Accelerated Reader is supposed to be an online education program/teaching tool used in schools, that helps students to expand their vocabulary and their reading comprehension. It is popularly used in middle school/junior high. This program operates by using books that are already designated and cataloged in it’s system. Typically, there are reading levels which are shown by different colored stickers that are placed on the spines of books that are A.R books, and you read books based on your reading level (represented similarly as grade levels).

Accelerated Reader primarily operates based on a point system. It’s not complicated, but I’ll explain anyway. Every A.R book has a certain number of points. The larger and “more difficult” the book is to read, the more points it is worth. A student goes to the school library and picks out the book they want to read. After reading said book, they log into the website and take a test on that book. Based on how well they scored on the test, they will get a certain number of points, but never more points than the book was already worth. In addition to this, every nine week marking period, the student is given a point goal. It is recommended by the school/teachers that the student reach this goal.

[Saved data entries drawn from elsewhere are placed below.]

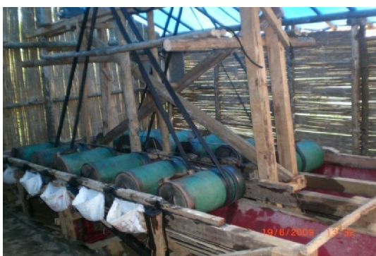
Gambar (Figure) 7. Gelundung, alat pengolahan emas ( Gelundung, as a tool of gold manufacture )

Jenis pekerjaan di rental gelundung atau tempat pengolahan tanah yang merupakan bahan baku emas terdiri dari penumbukan tanah dan pemberian air raksa (Gambar 7). Sistem transaksi yang diterapkan adalah sistem sewa untuk mengolah tanah per karung ditambah dengan pemberian air raksa. Gelundung diputar dengan bantuan listrik atau generator selama enam jam. Campuran tanah dan air raksa dialirkan ke air bersih untuk dipisahkan air raksanya. Butiran emas yang terkumpul dikumpulkan dan siap untuk dibentuk dan dijual.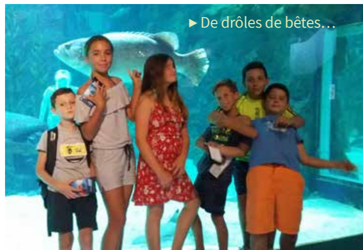
► De drôles de bêtes...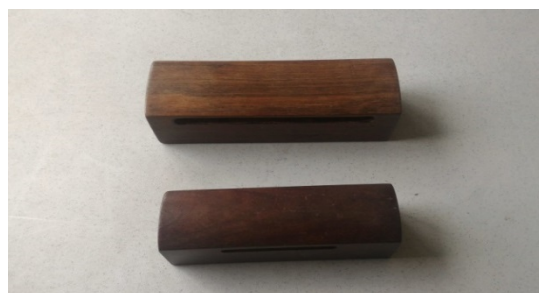
圖 9. 高音響板&低音響板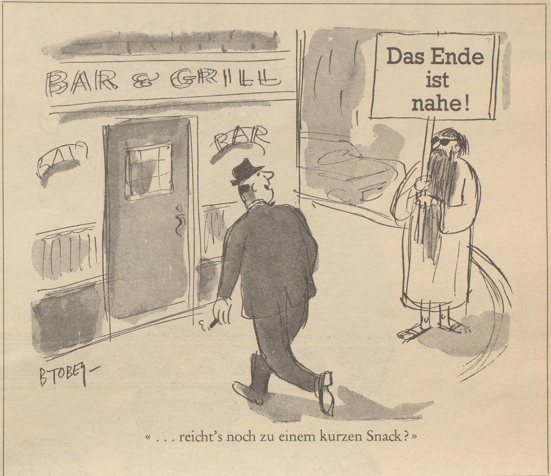
«... reicht's noch zu einem kurzen Snack?»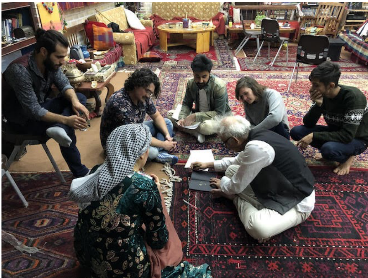
چرکاندن: پشتیوان که مال بابه کر

له وه که متر نییه. وهک که سایه تی چیرۆکه که ی به دنیا دا گه راوه، زیږی پاشه که وت کردووه و له گه ل خویدا هیناویه ته وه. فهره یدوون که سیکی هه یه چیرۆکه ی ده گێریته وه، به لام مخابن، پیربال خوی هیچ وه گێرکی نییه؛ پیاویکی ژیره و که وتووه ته ناو دنیا یه کی شیته وه.

There are problems with this though. Firstly, your A.R point goals actually affect the student’s grades in their E.L.A course. So if the student does not get an adequate amount of points for their goal, their E.L.A course grade goes down. Another issue with this is that the amount of points the student was lacking (in order to reach their point goal) had to be made up in their next nine weeks marking period goal. For example: Tom has an A.R point goal of 50 points for the first nine weeks. Tom only gets 40 points out of 50, so Tom has to make up those 10 points added towards the next, already established point goal for the second nine weeks, which, for the most part, is the same and only changes based on your reading level. So if Tom had a point goal of 50 for the first nine weeks, his next goal would be 60, since he has to make up what he didn’t get for the last nine weeks.

This system is obviously flawed as it makes no effort in actually aiding the student in achieving any success in reading books. It actually makes the next goal harder to achieve instead of easier. Plus, not every book in the school library is an A.R book. This has the potential effect of leaving some students feeling “left out” because their genre or reading level of books is not even registered in the system, making students read books that they’re uncomfortable with reading. What’s even worse is that this system actually discourages students to read, since they’re forced to read, not what they want to read, and what they are passionate to read about, but what the school thinks they “should” read. See the problem?

It appears as if the school fails to address the uniqueness of every student, and sure the argument can be made that a school board cannot individually create specialized education for every single student ranging from the hundreds to the thousands, but this does not mean they cannot have a more, varied, and “adaptable” educational approach. Every student thinks, learns and responds different. Trying to force them to adapt to the school’s very narrow box is futile and counterproductive. It just does not work in the long run, it does not achieve the effect of wanting students to learn, it absolutely kills their desire to do so.